Why Use Blackout Bingo?
How do you prepare workshop participants for important information to come? A common way is to verbally take them through an agenda on a slide or flip chart. So, you’ve welcomed people and blah-ed your way through the agenda. How involved were your participants while they passively sat there and listened to your blahs? Once they sat and listened, did any of it resonate with them? Who knows? Did they engage with the content and make it their own? There’s an outside possibility they did, but truthfully, they probably didn’t.
Another way to prepare participants is to provide a handout. You distribute the handout while giving a spoken overview of why the handout is important. Perhaps you even ask the participants to flag certain pages and they do just that. Or maybe they don’t. Rather than pay attention to you, they might ignore everything you are saying as they flick their way through the handout. Maybe they flick through the handout as they think, “I can go back to sleep now.”
What’s the problem with these two scenarios? While you as a trainer are active, the participants are passive. Undeniably, there’s nothing in these two approaches which turns the passive listener into an active learner. How can we fix that? Blackout Bingo is a great way to do just that!
What is Blackout Bingo?
A popular activity we use in our “Training from the BACK of the Room” Practitioner Class is “Blackout Bingo.” You can read about Blackout Bingo in Sharon Bowman’s books The Ten-Minute Trainer (pp 128) or Using Brain Science To Make Training Stick (pp 225). We’ll also have a look at the activity here, as well.
The game of Bingo is a popular in many countries around the world, so it is probably familiar to you. Briefly, Wikipedia describes Bingo as “a game of probability in which players mark off numbers on cards as the numbers are drawn randomly by a caller, the winner being the first person to mark off all their numbers.”
Blackout Bingo uses this same idea, but rather than using numbers, it uses important concepts that will be covered in your workshop session.
How to Play Blackout Bingo:
So let’s look at how Blackout Bingo works …
Materials:
- A standard size piece of paper (A4 or Letter) per participant.
- Marker pen per participant.
- List of concepts printed on a slide or flip chart.
- (Optional) small prizes (one per participant).
Instructions:
To play Blackout Bingo, follow these steps:
- Hold up a piece of paper and ask participants to copy you.
- Fold the piece of paper lengthways along its centre and wait for the participants to do the same.
- Fold the piece of paper width-wise along its centre and wait for the participants to do the same.
- Fold the piece of paper one more time. You should have a small square of folded paper. Wait for the participants to do the same.
- Open the paper to reveal the sheet which is now separated by folds into 8 boxes.
- Invite the participants to draw lines over the folds on their sheets in order to divide their sheets into 8 outlined boxes.
- Explain that they are going to be playing a game of Blackout Bingo during the workshop.
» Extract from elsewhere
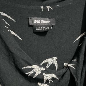 Isabel De Pedro Dress Womens Sz 10 Black Jersey Draped Birds Sparrow Sleeveless

- Tell them that in a moment, you will show them a list of concepts (printed on a slide or flipchart) that will be covered during the workshop. When you show them the list, participants are to silently read and then mentally select the 8 that sound most interesting to each of them.
- Each participant will then write their chosen 8 concepts down on their sheet of paper, one concept per box. This means that each learner’s Blackout Bingo sheet will be different from the others.
- Tell them that, as the workshop progresses, the first time that you mention a concept on their “bingo card”, they should cross the concept out.
- Once they have crossed out ALL of their 8 concepts, they wave their sheet in the air and shout “Bingo!” (Demonstrate this as you explain it). Emphasize that it doesn’t matter what is happening at that moment – they just shout out the word and wave their sheet in the air.
- Ask the participants to demonstrate this back to you – if they don’t do it with much energy, joke with them about it and invite them to try again with a little more enthusiasm!
- Say that when someone shouts “Bingo!” then everyone should give that person a round of applause. If you have prizes to hand out, give one to each learner when they get a bingo.
- Now reveal the concept list and ask the participants to review the list, choose the 8 that sound most interesting, and to write those down on their bingo sheets.
- Check that everyone has their Blackout Bingo sheet filled in and then continue with the workshop.
- Wait for the inevitable shouts of “Bingo!” Be sure to pause for applause and prize-giving!
Conclusion:
I hope you can see how Blackout Bingo increases the interest and curiosity of the your workshop participants before the session begins. The activity “primes” learners for the learning to come by inviting them to review the content list and then to decide what concepts sound most important to them. Participants choose and write down their most important concepts. Finally participants pay greater attention to what is being discussed in case one of their concepts is mentioned. The bonus prize for everyone? Blackout Bingo is a lot of fun!
Find Out More:
You can find more variations of the Blackout Bingo activity in Sharon Bowman’s books The Ten-Minute Trainer and Using Brain Science To Make Training Stick.